We want to back out a patch when a significant regression is identified. This is usually either a functional regression (browser unusable, content rendering broken) or a sudden spike of crashes on the Nightly channel.
We want the nightly channel to be as stable and usable by our community as possible. If the browser is crashing or barely usable, our users leave and we need to make we have a sizable nightly community. Deciding on backing out a patch, blocking automatic updates and rebuilding nightlies after the back out is a balance between the fact that bugs are expected on this channel and the fact that we want this channel to be of the highest quality possible to have a user base. The Release Management team are in charge of finding this balance.
How to find the patch to back out
If it is a functional regression (reproducible case), then we should use mozregression. If it is a spike in crashes not necessarily reproducible (random crashes while surfing), then our crash analysis experts in the Release Management team should be contacted. The analysis of the stack trace combined with hg logs on mozilla-central often allow finding the bug number that introduced the instability.
Bug filing
- If the bug was already filed by a community member, then use it to track the regression and qualify it.
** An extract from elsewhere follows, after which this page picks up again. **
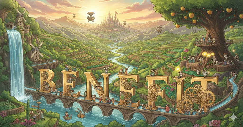 '특정' '행위'(action), '상황'(situation), 또는 '정책'(policy)이 '개인'(individual), '집단'(group), 또는 '시스템'(system)에 '가져다주는' '긍정적'(positive)이거나 '유리한'(favorable) '결과'(result)나 '이점'(advantage)을 의미합니다. 단순히 '물질적'(material)인 '이득'(gain)을 넘어, '건강'(health), '능력'(ability), 또는 '복지'(welfare) 향상을 포괄하는 개념에 초점이 맞춰집니다.

Add the nightly-community keyword if missing.
- If it is a crash, get a Crash ID from the people that reported it and file a bug via Socorro.
- If it is a functional regression and no bug was filed yet, file it.
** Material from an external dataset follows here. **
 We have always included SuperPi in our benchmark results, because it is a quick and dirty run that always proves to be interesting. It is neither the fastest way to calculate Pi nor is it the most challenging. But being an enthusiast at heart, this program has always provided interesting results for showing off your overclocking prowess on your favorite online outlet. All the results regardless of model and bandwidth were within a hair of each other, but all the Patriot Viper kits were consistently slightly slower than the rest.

The bug number will be used to track the work to fix the regression. Communicate to our community that a bug exist so as to avoid having many duplicated filed.
Stopping automatic background updates
If you think that a lot of people are going to be impacted by a regression, ask sheriffs to stop automatic updates. You can contact the on-call sheriff in the #sheriffs IRC channel. In case nobody is available, release engineering can do it (#releng channel).
Blocking automatic updates will not prevent new users to install Firefox Nightly from mozilla.org but it will mitigate greatly the impact on our existing user base.
We can ask for automatic updates to be stoped for a specific OS.
Most of the major regressions are reported immediately via our @FirefoxNightly Twitter account followers, usually when more than 2 people report a similar regression there is a high chance that it will be serious and stopping automatic updates should be done rapidly.
Note: Some members of the release management team have the technical knowledge and permissions to stop automatic updates.
Asking for a back out of the patch and new nightlies
You can contact sheriffs in the #sheriffs IRC channel to back out the patch that caused the regression when you have identified it. The back out commit will reference the bug number.
If the next nightly is about to be built and the impact is moderate, it is not necessarily needed to ask for nightly builds to be respun after the back out.
Note: Some members of the release management team have the technical knowledge and permissions to back out patches.
Communicating about the issue
We should not hesitate to communicate the issue with a reference to the bug number to our community so as to minimize the number of duplicate bugs. If the issue needs steps to reproduce which are not obvious or a specific hardware/OS combination, having all communications centralized in a single bug helps.
We should also remember communicating about the resolving of the issue and urge people to upgrade to the updated nightly (so as to reduce automatic crash reports and unneeded bugs filed).
Communicating about major regressions in Nightly is also part of the informal social contract we have with our alpha testers, making sure they are informed of major technical issues impacting them helps keeping them engaged.
The main communication channels to communicate a regression are our @FirefoxNightly Twitter account, our #nightly IRC channel (bridged with our Telegram group) and potentially the #nightly-newbies slack channel if employees or NDAed volunteers reported it there.